Liu Wei (b. 1972, Beijing, China) graduated from the National Academy of Fine Arts, Hangzhou, China in 1996. His work has been featured at several significant institutions with recent solo exhibitions at PLATEAU, Samsung Museum of Art, Seoul (2016); Ullens Center for Contemporary Art, Beijing (2015); and Museum Boijmans Van Beuningen, Rotterdam (2014). Recent group exhibitions include Qatar Museums, Doha (2016); Fondation Louis Vuitton, Paris (2016); Asian Art Museum, San Francisco, and San Antonio Museum of Art, Texas (2015); Rubell Family Collection, Miami (2014); The Queens Museum, New York; Long Museum, Shanghai (2014); Minsheng Art Museum, Shanghai (2011); Centre Georges Pompidou, Paris (2010); National Art Museum of China, Beijing (2010); Ullens Center for Contemporary Art, Beijing (2010); Long March Space, Beijing (2010); Saatchi Gallery, London (2008); Bonniers Konsthall, Stockholm; and Mudam Luxembourg (2008). He has participated in numerous international biennials and triennials, including the 13th Biennale de Lyon (2015); 11th Sharjah Biennial (2013); 4th Gwangju Triennial (2012); Shanghai Biennial (2010); Busan Biennial (2008); Guangzhou Triennial, (2008); and 51st Venice Biennial (2005). His work is included in numerous museum collections at Astrup Fearnley Museet, Oslo, Norway; M+ Sigg Collection, Hong Kong; and the Rubell Family Collection, Miami, among others. Liu Wei lives and works in Beijing.

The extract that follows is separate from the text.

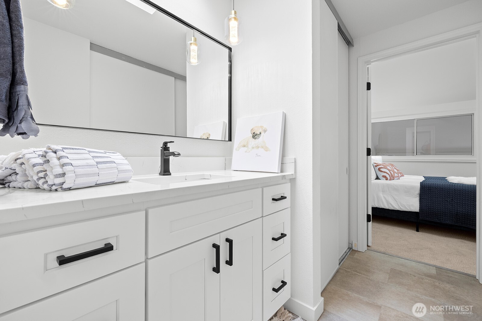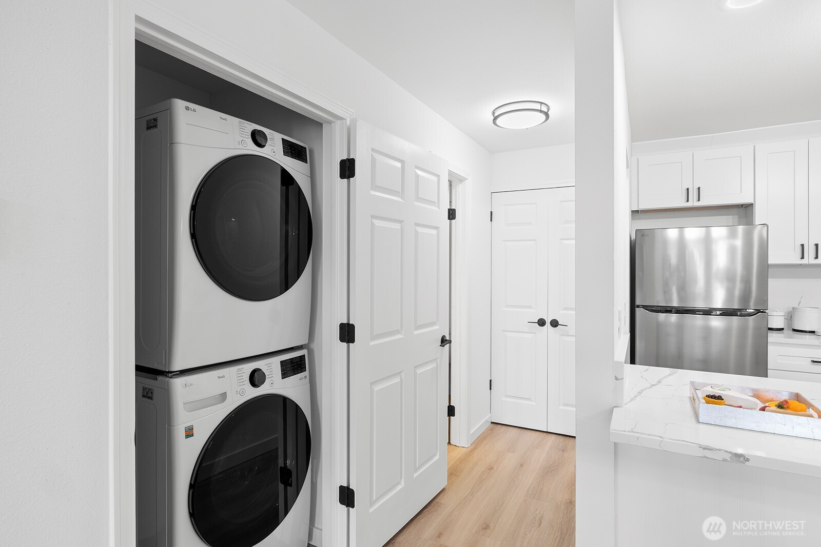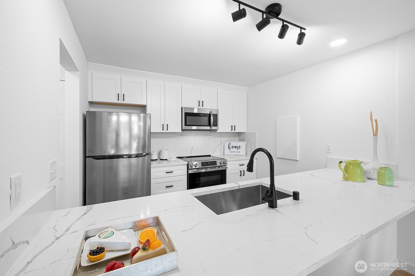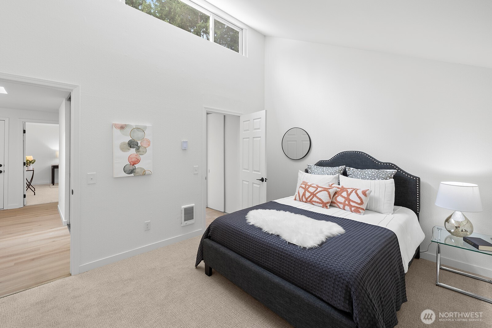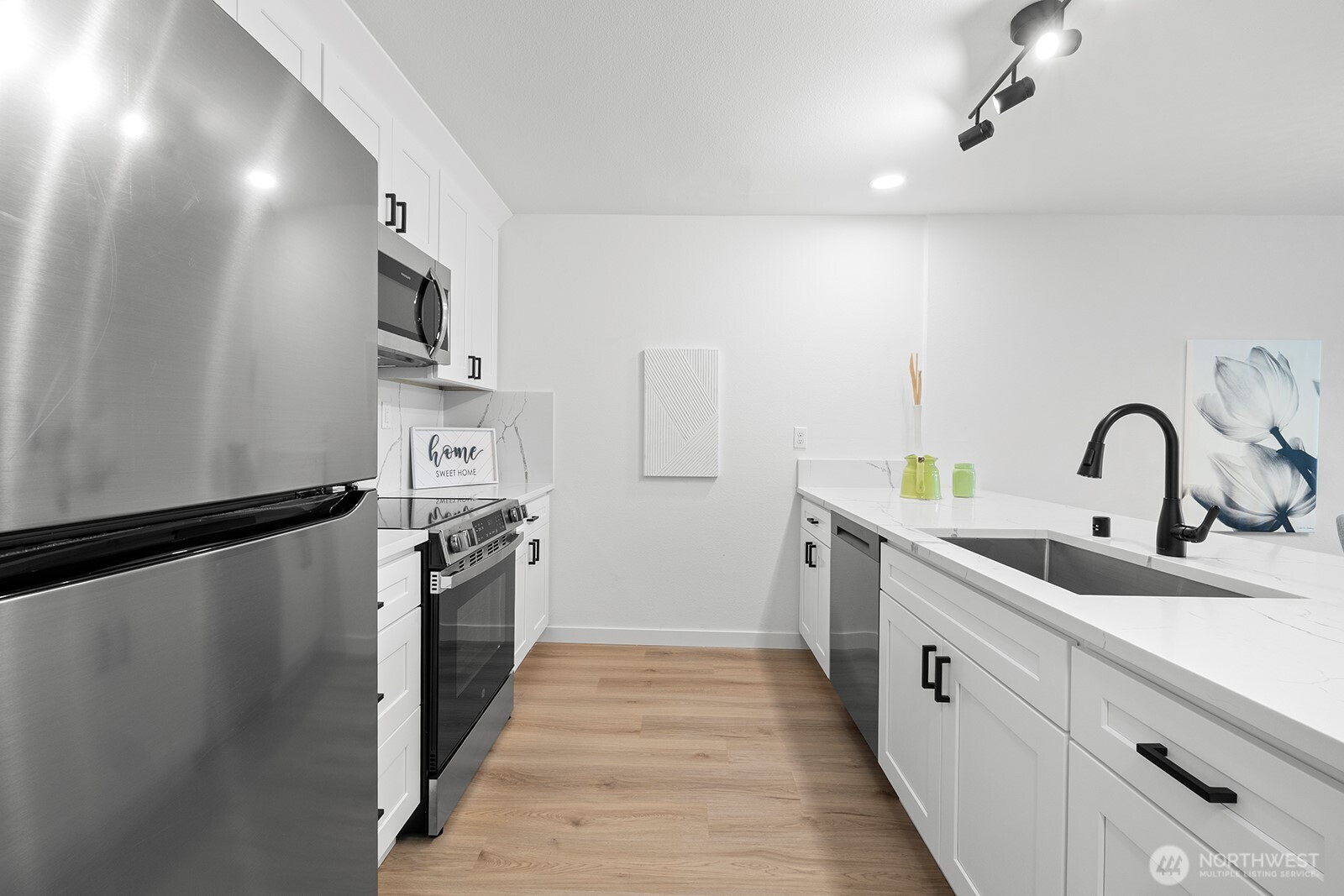 Welcome to this completely remodeled lakefront townhome! The interior is light and airy with new plank floors/carpeting, new lighting, wall of windows to highlight the view! Kitchen is impressive with new stainless appliances, new cabinets, quartz countertops/seating bar. Bathrooms updated with new vanities, new tile in shower. Relax on the large view deck! Primary bedroom has vaulted ceilings & high windows. 2nd bedroom would be perfect for den or office. W/D included. Enjoy the Clubhouse, just seconds away with large pool, restaurant, gym, sauna, more! Carport parking w/ locked storage + ample extra parking nearby. Sixty-01 has gated entry, 4 pools, 3 lakes, 83 acres of trails/parks, more! Well-funded, strong HOA. NO Special Assessments.

Nari Ward (b. 1963, St. Andrew, Jamaica) received his BA from City University of New York, Hunter College, New York in 1991, and his MFA from the City University of New York, Brooklyn College in 1992. Ward’s mid-career survey exhibition, Sun Splashed, is currently on view through August 22, 2016 at The Barnes Foundation, Philadelphia, after first opening in 2015 at the Perez Art Museum, Miami. His work has been included in several group exhibitions at significant institutions, including Savannah College of Art and Design Museum, Savannah (2015); Louisiana State University Museum of Art, Baton Rouge (2014); Fabric Workshop and Museum, Philadelphia (2011); Massachusetts Museum of Contemporary Art, North Adams (2011); Isabella Stewart Gardner Museum, Boston (2002); and Walker Art Center, Minneapolis (2001, 2000). The artist has participated in a number of biennial exhibitions, including the Whitney Biennial (2006); Prospect 1 New Orleans (2008); and Documenta XI, Kassel, Germany (2003). Ward’s work is included in numerous museum collections at The Museum of Modern Art, New York; Baltimore Museum of Art; Brooklyn Museum; Nasher Museum of Art at Duke University, North Carolina; The Studio Museum in Harlem, New York; Walker Art Center, Minneapolis; and Whitney Museum of American Art, New York, among others. He lives and works in New York City.

About Lehmann Maupin
Founded in 1996 by partners Rachel Lehmann and David Maupin, Lehmann Maupin has fostered the careers of a diverse group of internationally renowned artists, both emerging and established, working in multiple disciplines and across varied media. With three locations—two in New York and one in Hong Kong—the gallery represents artists from the United States, Europe, Asia, South America, Africa, and the Middle East. Known for championing artists who create groundbreaking and challenging forms of visual expression, Lehmann Maupin presents work highlighting personal investigations and individual narratives through conceptual approaches that often address such issues as gender, class, religion, history, politics, and globalism.